Joseph reports that the United States has experienced the dichotomy of racial progress and backlash during the Third Reconstruction, adding that there is uncertainty regarding who will win this narrative war. Many anti-racist books have been published (e.g., The 1619 Project) during this era, followed by protests against critical race theory, because some declare that the nation’s children are being indoctrinated. Texas, Florida, and other states have banned the teaching of critical race theory.
Joseph argues that banning critical race theory also suppresses the teaching of American history, women’s history, labor history, Latinx history, Asian Pacific Islander history, and the history of other marginalized groups. He believes the United States has seen amazing racial equity and progress, but he notes the backlash against the teaching and talking about this history as perceived by some as “un-American and unpatriotic.” This, he says, goes back to the Confederacy, and we have been here before: Slavery is our country’s “original sin,” and we are still grappling with it during this period of the Third Reconstruction.

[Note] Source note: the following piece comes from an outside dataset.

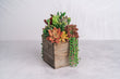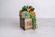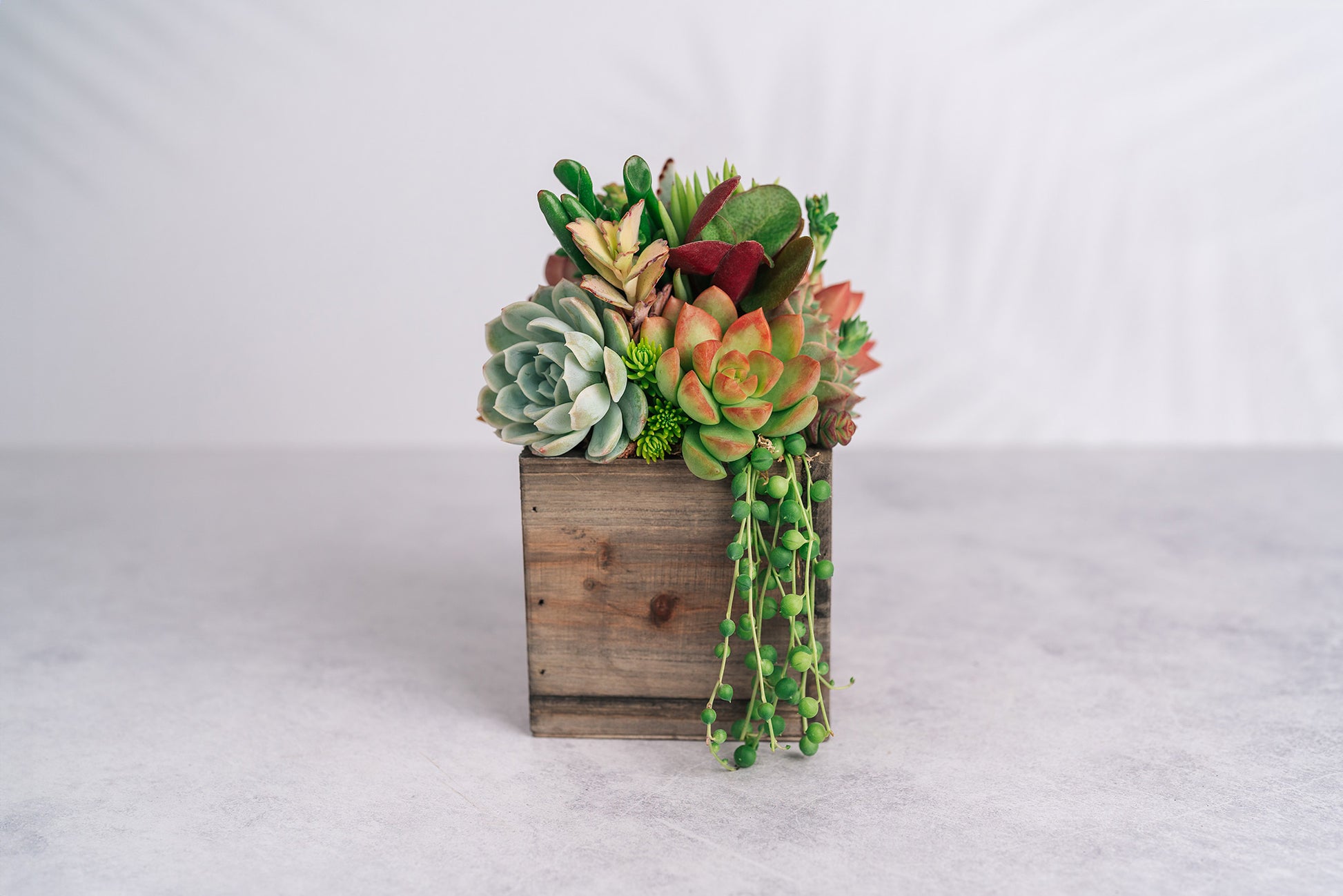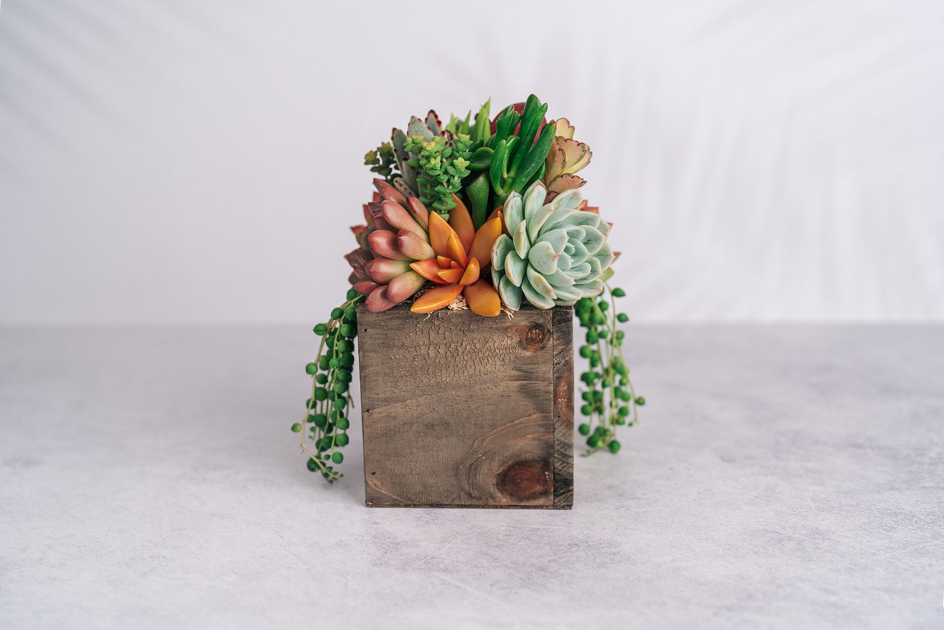PLANTER: Choose either a lightweight wood planter with an unstained whitewash or a weathered brown stain. This planter does not feature a drainage hole, making it a low-effort option for succulent maintenance.
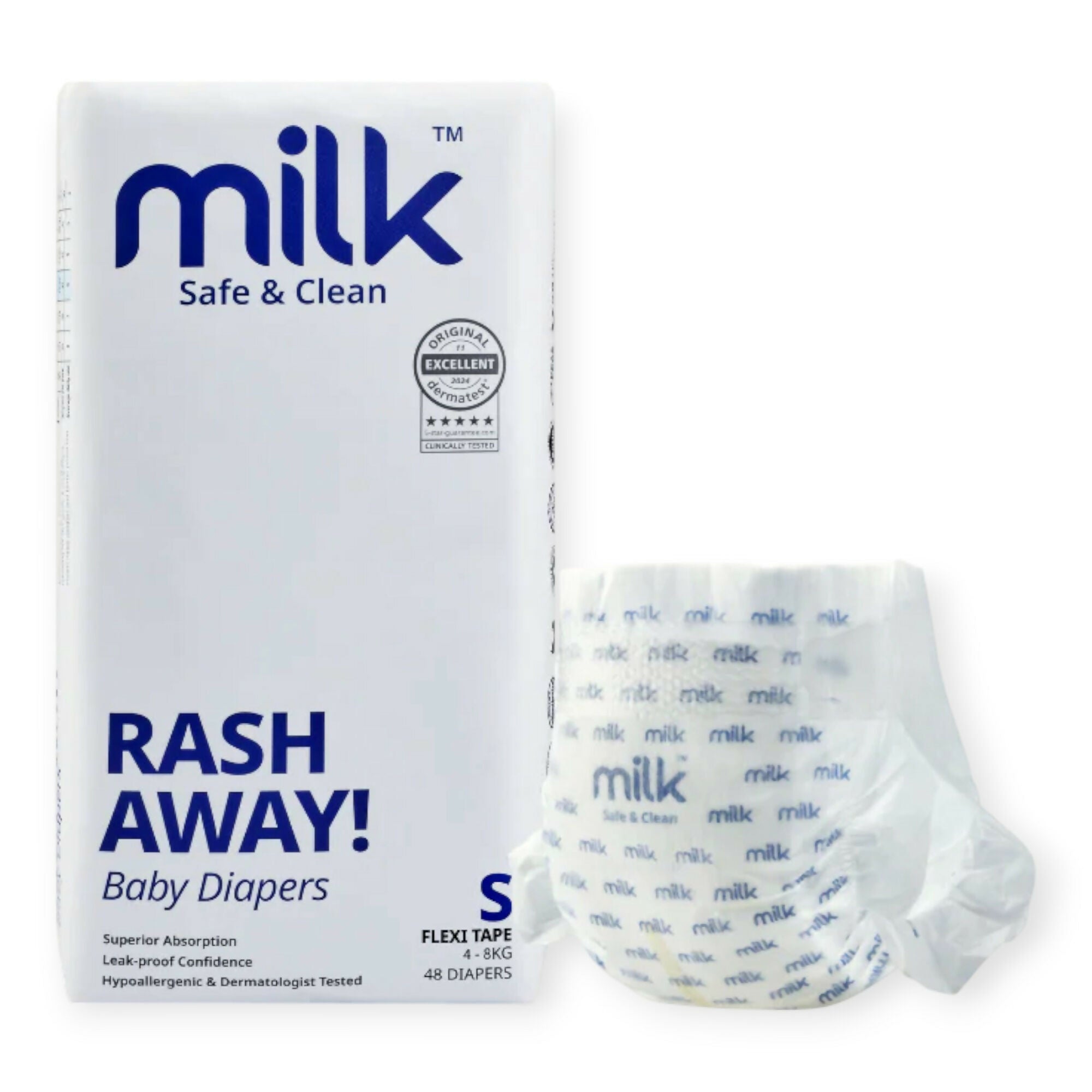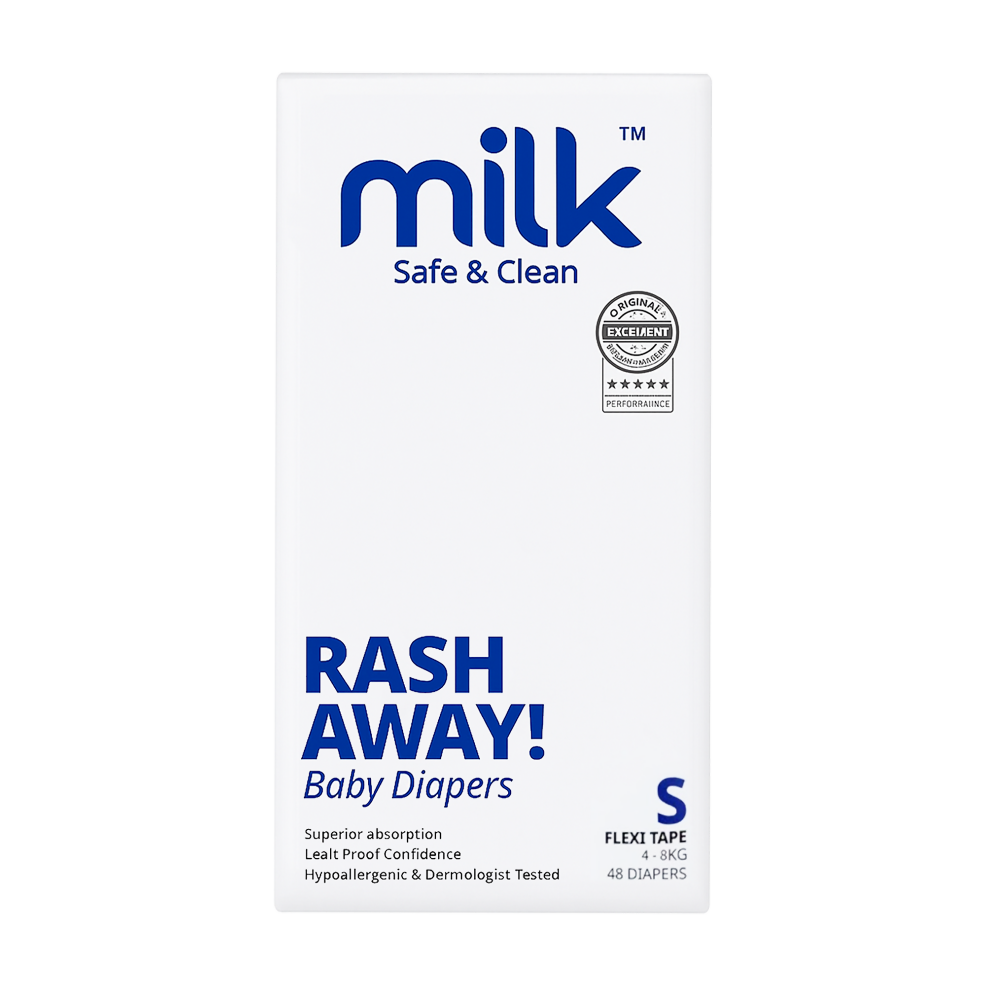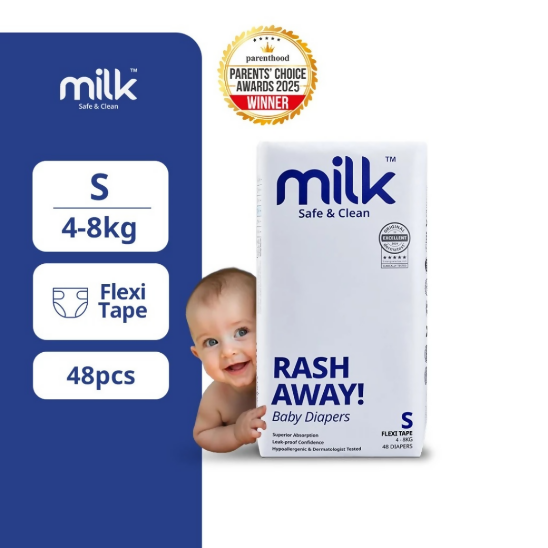 MILK™ Flexi Tape diapers are designed to provide your baby with the care they deserve. Equipped with advanced RASHDEFENSE™ and moisture-lock technology, these diapers ensure up to 12 hours of rash-free protection.

Joseph emphasizes the importance of storytelling in the teaching of history to better understand it. Storytelling in our families, he said, is vital for children to better understand their history. Stories about family, community, and the nation are the most powerful tools we have as individuals. Stories can also be used to divide and destroy communities and societies. History, he believes, is the present and the future, not just the past. History has a role to play in creating a beloved community.
Joseph asked the audience the following questions: What is the story that we are going to tell future generations? Are we going to lie and mythologize American history (“settler colonialism”)? Are we going to marginalize Black, Hispanic, and Asian women and other groups? Other questions Joseph posed that we need to mention in the teaching of American history are: the atrocities that have been done to some other groups; how to not “paper over” our differences and not lie about the past to create an oppressive consensus for future generations; or do we choose a different path? Joseph believes that what we need to do is create a “beloved community” that was the core of Dr. Martin Luther King Jr.’s advocacy.
Joseph’s soaring rhetoric was inspiring and informative. As a historian, he skillfully outlined the eras of America’s racial history. At the same time, he did not include specifics to match his rhetoric of a “beloved community.” For the Third Reconstruction movement to succeed, he said, it will need to be matched by political allies who can turn activism into legislation. The United States needs to have a modern equivalent of President Lyndon Johnson who can translate the groundswell of Black Lives Matter activism and public support into legislation that will help our country achieve racial equality and create a “beloved community.”